Рассказ этот назывался «Чердачное окно». Он был опубликован в январском выпуске «Шепотов» за 1922 год. Во многих городах страны, в особенности на Юге и на Тихоокеанском побережье, номер с этим рассказом даже убирали с прилавков, удовлетворяя жалобам слабонервных нытиков. Одна лишь Новая Англия оставалась невозмутимой и только пожимала плечами в ответ на мою эксцентричность. Прежде всего, утверждали мои критики, пресловутое существо просто биологически невозможно и то, что я о нем сообщаю, представляет собой всего лишь одну из версий расхожей деревенской байки, которую Коттон Мэзер лишь по чрезмерной доверчивости вставил в свой эклектичный опус «Великие деяния Христа в Америке», причем подлинность этой небылицы настолько сомнительна, что сей почтенный автор даже не рискнул назвать место, где произошел ужасный случай. Столь же неприемлемым для них было то, как я развил и разукрасил представленную в вышеупомянутой книге голую сюжетную канву, тем самым окончательно разоблачив себя как легкомысленного и претенциозного графомана. Мэзер и правда писал о появлении на свет некоего существа, но кто, кроме дешевого сенсуалиста, мог бы поверить, что оно выросло и взяло себе за привычку по ночам заглядывать в окна домов, а днем прятаться на чердаке заброшенного дома, и так до тех пор, пока столетие спустя какой-то прохожий не увидал его в чердачном окне, а потом так и не смог объяснить, отчего у него поседели волосы? Все это было чистой воды вымыслом, притом нелепым, и приятель мой в очередной раз огласил эту точку зрения.

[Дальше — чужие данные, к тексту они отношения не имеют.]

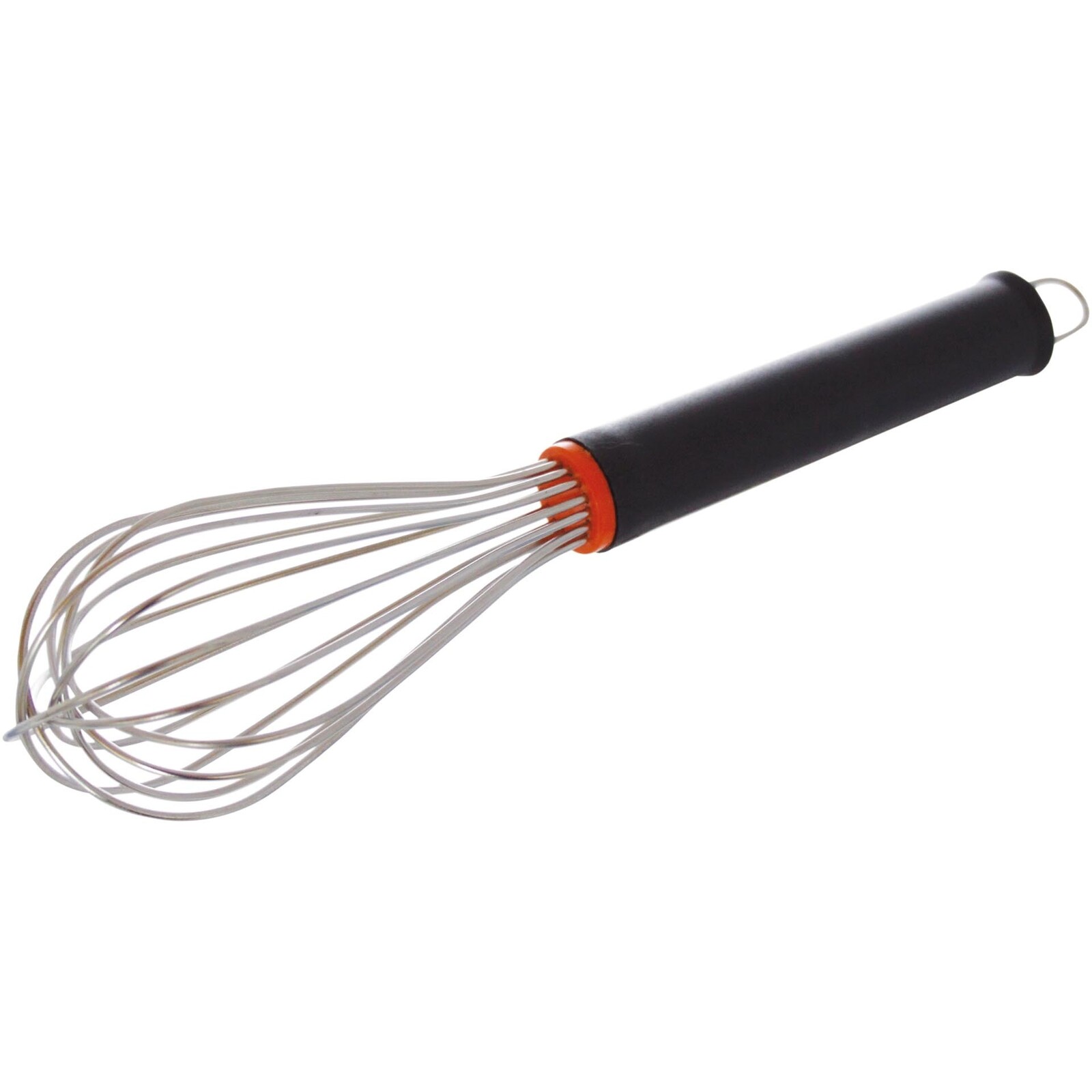 Schneebesen mit 24 Edelstahl-Drähten und schwarzem thermoplastischem Griff mit Aufhängeöse. Hitzebeständig bis 200°C. Spülmaschinengeeignet!

Тогда я поведал ему о содержании дневника, обнаруженного среди прочих бумаг семейного архива менее чем в миле от того места, где мы находились, и датированного 1706–1723 годами. В дневнике упоминалось о необычных шрамах на спине и груди одного из моих предков, и я заверил Мэзера в подлинности этого свидетельства. Я также рассказал ему о страшных историях, имеющих хождение среди местного населения и передаваемых по секрету из поколения в поколение, а также о том, как отнюдь не в переносном смысле сошел с ума один паренек, осмелившийся в 1793 году войти в покинутый дом, чтобы взглянуть на некие следы, на которые намекала традиция.

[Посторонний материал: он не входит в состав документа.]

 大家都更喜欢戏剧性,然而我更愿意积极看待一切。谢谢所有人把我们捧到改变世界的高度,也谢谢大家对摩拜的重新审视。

Да, то было время диких суеверий – какой впечатлительный человек не содрогнется, изучая массачусетские летописи пуританской эпохи? Сколь бы немногочисленными ни были наши сведения о том, что скрывалось за внешней стороной событий, но уже по тем отдельным чудовищным проявлениям, когда гной вырывался и бил ключом, можно судить о всей степени разложения. Ужас перед черной магией – одно из объяснений того кошмара, что царил в смятенных умах человеческих, но даже и это не главное. Из жизни изгонялась красота, изгонялась свобода – об этом можно судить по бытовым и архитектурным останкам эпохи, а также по ядовитым проповедям невежественных богословов. Под смирительной рубашкой из ржавого железа таилась дурная злоба, извращенный порок и сатанинская одержимость. Вот в чем заключался подлинный апофеоз Неименуемого!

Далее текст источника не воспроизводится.